[RECORDED INFORMATION]

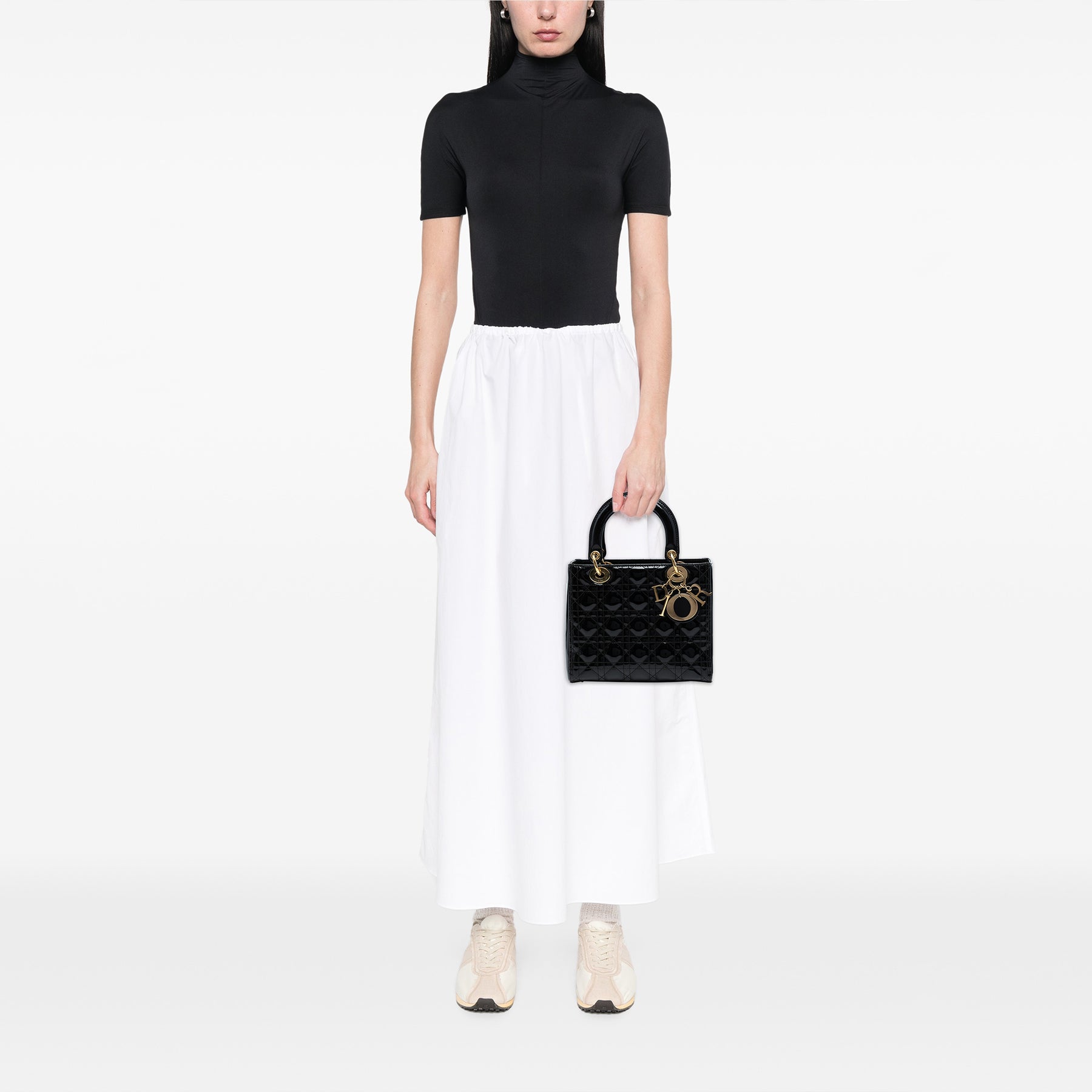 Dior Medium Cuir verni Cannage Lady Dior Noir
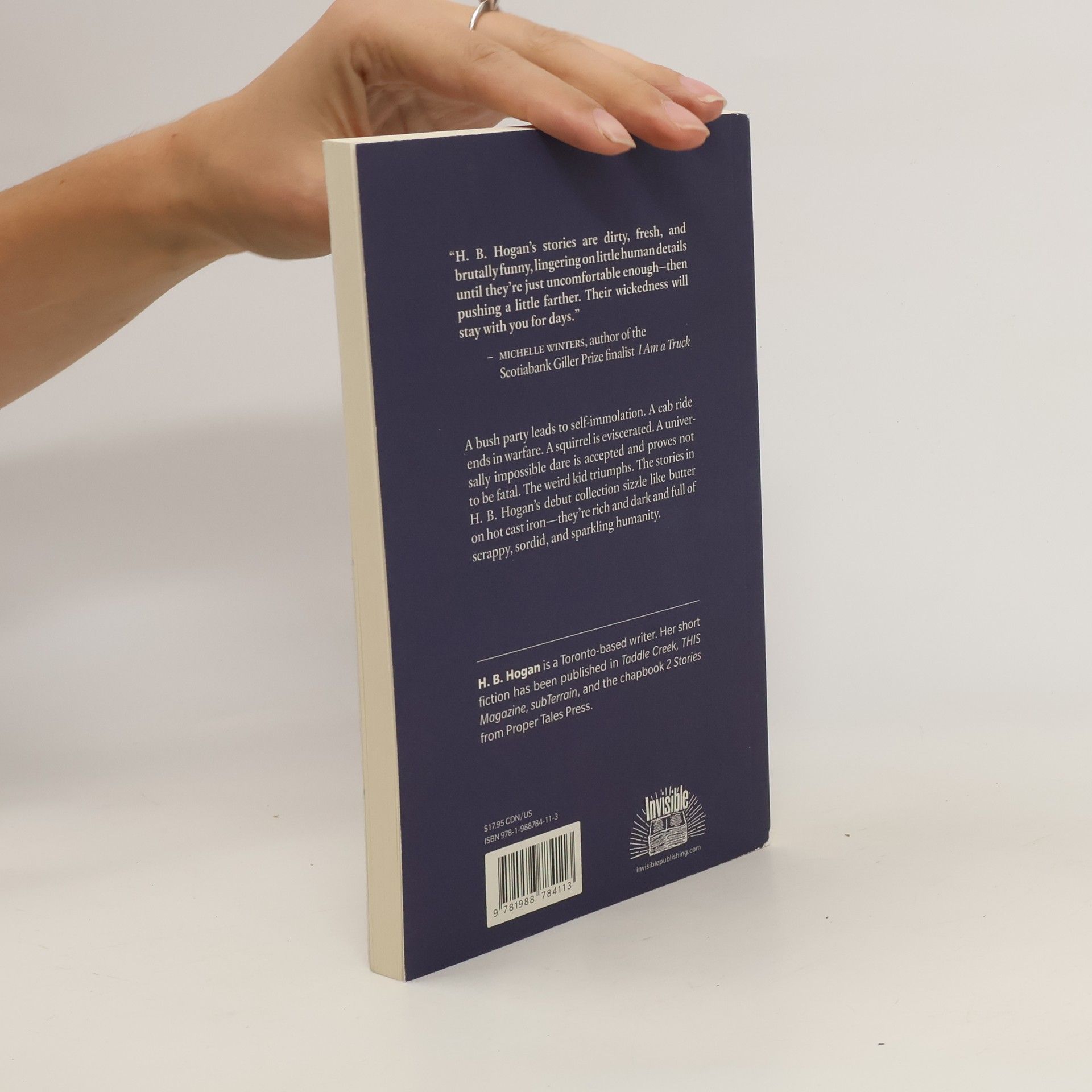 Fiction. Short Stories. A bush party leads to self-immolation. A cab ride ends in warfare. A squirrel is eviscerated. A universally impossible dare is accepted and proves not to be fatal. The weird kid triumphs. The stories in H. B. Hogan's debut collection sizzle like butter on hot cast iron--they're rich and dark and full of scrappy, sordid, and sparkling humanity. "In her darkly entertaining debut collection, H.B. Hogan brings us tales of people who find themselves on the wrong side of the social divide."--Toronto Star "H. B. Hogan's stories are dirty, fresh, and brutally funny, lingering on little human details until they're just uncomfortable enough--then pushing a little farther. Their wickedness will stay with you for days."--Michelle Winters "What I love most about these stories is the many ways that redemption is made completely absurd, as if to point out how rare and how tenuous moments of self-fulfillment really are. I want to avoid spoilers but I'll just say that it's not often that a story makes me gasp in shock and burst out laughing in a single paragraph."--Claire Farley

[/RECORDED INFORMATION]
[RECORDED INFORMATION]

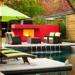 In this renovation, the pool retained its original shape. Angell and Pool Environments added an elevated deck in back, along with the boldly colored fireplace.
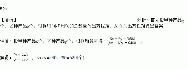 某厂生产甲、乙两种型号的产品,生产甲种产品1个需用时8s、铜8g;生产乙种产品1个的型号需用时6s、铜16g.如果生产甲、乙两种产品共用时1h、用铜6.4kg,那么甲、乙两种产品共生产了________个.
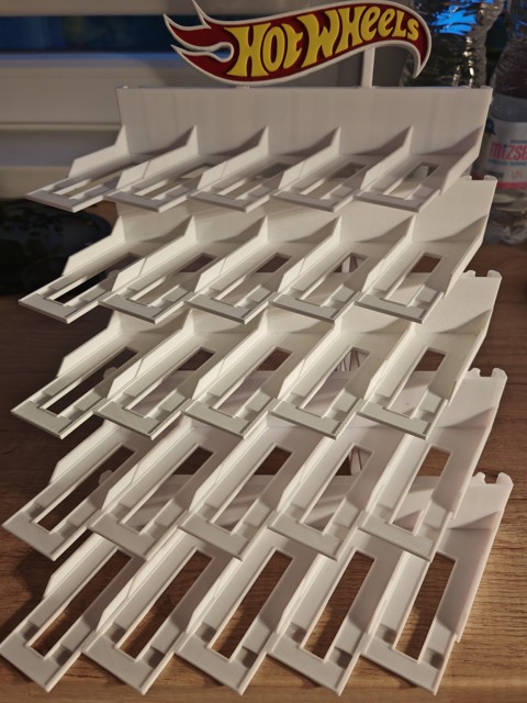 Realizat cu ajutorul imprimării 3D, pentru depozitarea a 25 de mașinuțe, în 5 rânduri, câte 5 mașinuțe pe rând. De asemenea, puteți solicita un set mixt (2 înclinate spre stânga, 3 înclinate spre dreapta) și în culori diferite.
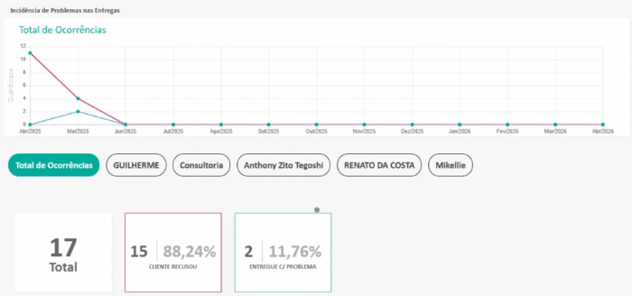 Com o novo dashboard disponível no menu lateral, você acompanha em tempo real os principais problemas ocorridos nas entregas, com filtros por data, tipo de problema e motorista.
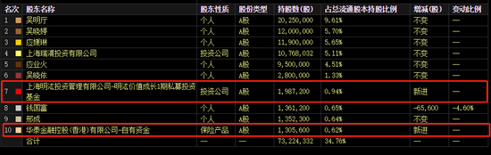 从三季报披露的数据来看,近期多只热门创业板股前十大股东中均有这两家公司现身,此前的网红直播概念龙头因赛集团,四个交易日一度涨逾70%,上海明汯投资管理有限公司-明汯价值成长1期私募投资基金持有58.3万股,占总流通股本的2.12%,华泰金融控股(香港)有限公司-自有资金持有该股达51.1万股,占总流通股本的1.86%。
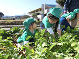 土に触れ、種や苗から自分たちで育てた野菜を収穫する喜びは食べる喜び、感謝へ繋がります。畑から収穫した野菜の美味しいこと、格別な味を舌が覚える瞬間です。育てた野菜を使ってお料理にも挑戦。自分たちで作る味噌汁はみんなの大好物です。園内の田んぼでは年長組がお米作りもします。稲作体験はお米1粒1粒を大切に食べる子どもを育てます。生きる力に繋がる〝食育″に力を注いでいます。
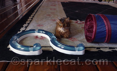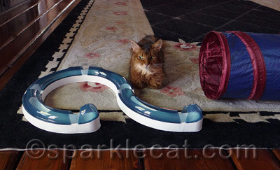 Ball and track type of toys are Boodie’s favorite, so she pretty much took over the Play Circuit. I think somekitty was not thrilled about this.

[/RECORDED INFORMATION]
[RECORDED INFORMATION]

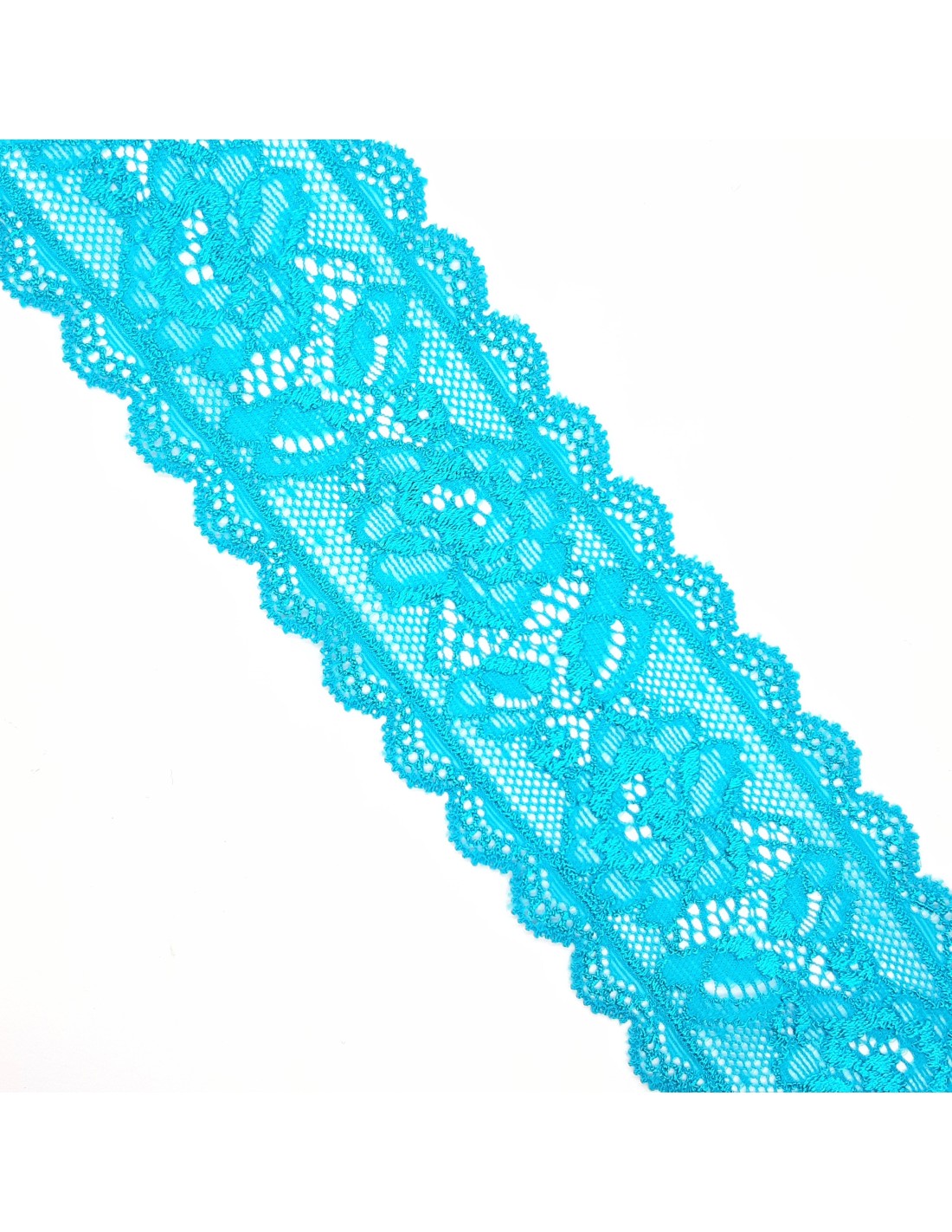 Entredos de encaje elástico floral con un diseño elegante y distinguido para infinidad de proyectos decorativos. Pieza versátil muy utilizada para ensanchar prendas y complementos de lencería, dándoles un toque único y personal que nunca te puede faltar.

[/RECORDED INFORMATION]

▸ **WHAT NEEDS TO BE DONE**
From the records above, output only the lines starting at the one containing "Dior Medium Cuir" and ending at the one containing "Fiction. Short Stories.", word for word. Pictures stay out.

▸ **YOUR SOLUTION**
 Dior Medium Cuir verni Cannage Lady Dior Noir
 Fiction. Short Stories. A bush party leads to self-immolation. A cab ride ends in warfare. A squirrel is eviscerated. A universally impossible dare is accepted and proves not to be fatal. The weird kid triumphs. The stories in H. B. Hogan's debut collection sizzle like butter on hot cast iron--they're rich and dark and full of scrappy, sordid, and sparkling humanity. "In her darkly entertaining debut collection, H.B. Hogan brings us tales of people who find themselves on the wrong side of the social divide."--Toronto Star "H. B. Hogan's stories are dirty, fresh, and brutally funny, lingering on little human details until they're just uncomfortable enough--then pushing a little farther. Their wickedness will stay with you for days."--Michelle Winters "What I love most about these stories is the many ways that redemption is made completely absurd, as if to point out how rare and how tenuous moments of self-fulfillment really are. I want to avoid spoilers but I'll just say that it's not often that a story makes me gasp in shock and burst out laughing in a single paragraph."--Claire Farley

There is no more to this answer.